[DRBD-user] Tracking down sources of corruption examined by drbdadm verify

Mon May 5 21:41:03 CEST 2008

I done the testing, my experiences are the following:

Our "most problematic volume" contains a Mysql5 database. I made a
snapshot from it, then I collected the write SQL queries to the binary
log for 3 days. So I got a Mysql database in binary form (120MB) and
an SQL file (90MB). I can replay the SQL file on the database with
Mysql.

I run the following test process on my test-nodes (drbd0 = 2GB volume,
Primary/Secondary, UpToDate/UpToDate, protocol C):
1. mkfs on drbd0
2. mount drbd0 to /mnt/test
2. extract the snapshot (120MB) to /mnt/test
3. start Mysql daemon, datadir = /mnt/test
4. replay the SQL file (90MB) with the Mysql client
5. stop Mysql daemon
6. umount /mnt/test
7. drbdadm verify drbd0, wait until it finished
8. collect the new entries from syslog
9. disconnect/connect drbd0 to remove the oos blocks if any

One run takes about 20 mins.

I tryed the test process with ReiserFS, XFS and EXT3. Results:
- ReiserFS: 12 run, found oos blocks after every run
- XFS: 11 run, no oos blocks
- EXT3: 15 run, no oos blocks
- create an LVM2 VG on drbd0, then use a LV with ReiserFS: 2 run,
found oos blocks after every run

I usually ran the test in the following order: ReiserFS, XFS, EXT3,
ReiserFS, XFS, EXT3 ...

So ReiserFS produced the oos blocks in every case.

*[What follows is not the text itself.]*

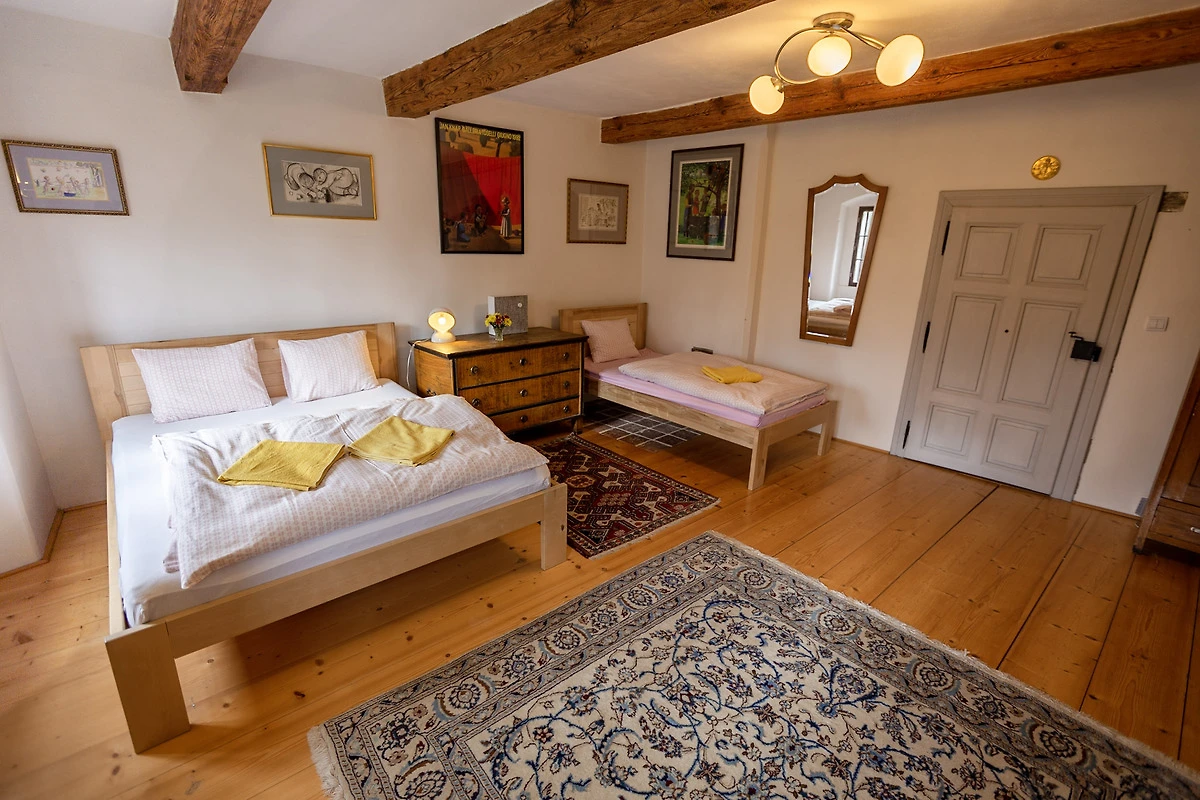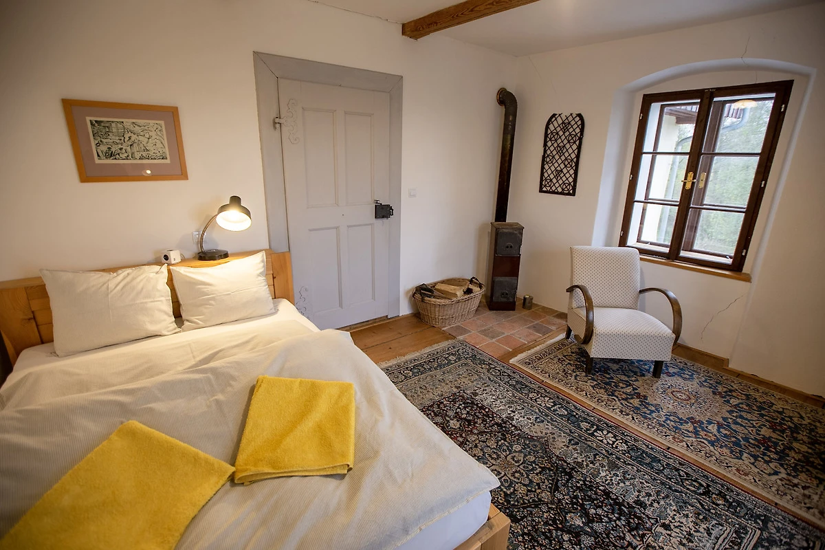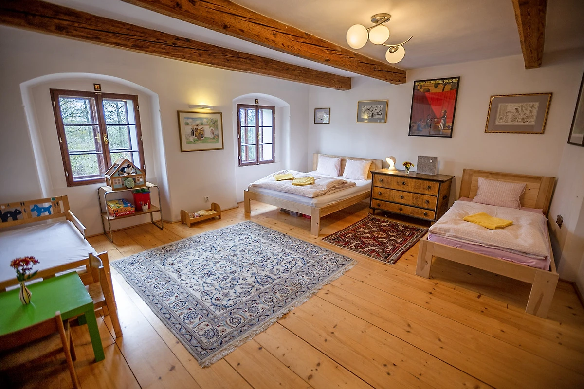 We hadden het huis gehuurd voor een familieweekend (9 volwassenen, 4 kinderen). De rustige ligging aan de rand van het dorp, de prachtige speelruimte voor de kinderen met grasveld, zandbak en trampoline, en de ongecompliceerde en zeer vriendelijke verhuurders maken het gemakkelijk om het huis aan te bevelen. Gezellige grote keuken met verhoogd "keukenbed" waar je heerlijk kunt "lummelen" en poppenspel kan spelen, de gordijnen maken het mogelijk! Moderne badkamers, goede bedden, voldoende ruimte voor voedselvoorraden in de voorraadkast en kelder. Geen televisie - geweldig! In plaats daarvan een bioscoopkamer met beamer en dvd's. Tsjechische en Duitse boeken, spellen. In de grote tuin is er een gezellige vuurplaats waar we stokbrood roosterden. Het lichte bos is vlakbij, waar we een zoekspel organiseerden. Als we langer waren gebleven, hadden we zeker meer gebruik gemaakt van de culturele mogelijkheden in de omgeving, die er in overvloed zijn.

I tryed it with
different journal options, with protocol A, B, C, but the oos block
always generated.

Another interesting experience: I use the "data-integrity-alg md5;"
setting during the first 6 runs. In one case there was no problem, but
in 5 of the 6 runs there was a disconnect/reconnect usually in every
minutes (drbd0: Digest integrity check FAILED. Broken NICs?). The
problem was shown with every fs. Then I tested the network, disabled
the data-integrity-alg feature. In the case of EXT3 & XFS I found no
oos blocks with disabled data integrity checking. I experienced this
problem earlier in our production system too, but I thought it's a
firewall or other network problem.

My plan is to move from ReiserFS because of these problems and the
unclean future of it. According your knowledge can you give me an
advice, which fs is the best choice with DRBD? I ask it because you
mentioned similar probems with EXT3 in your first reply.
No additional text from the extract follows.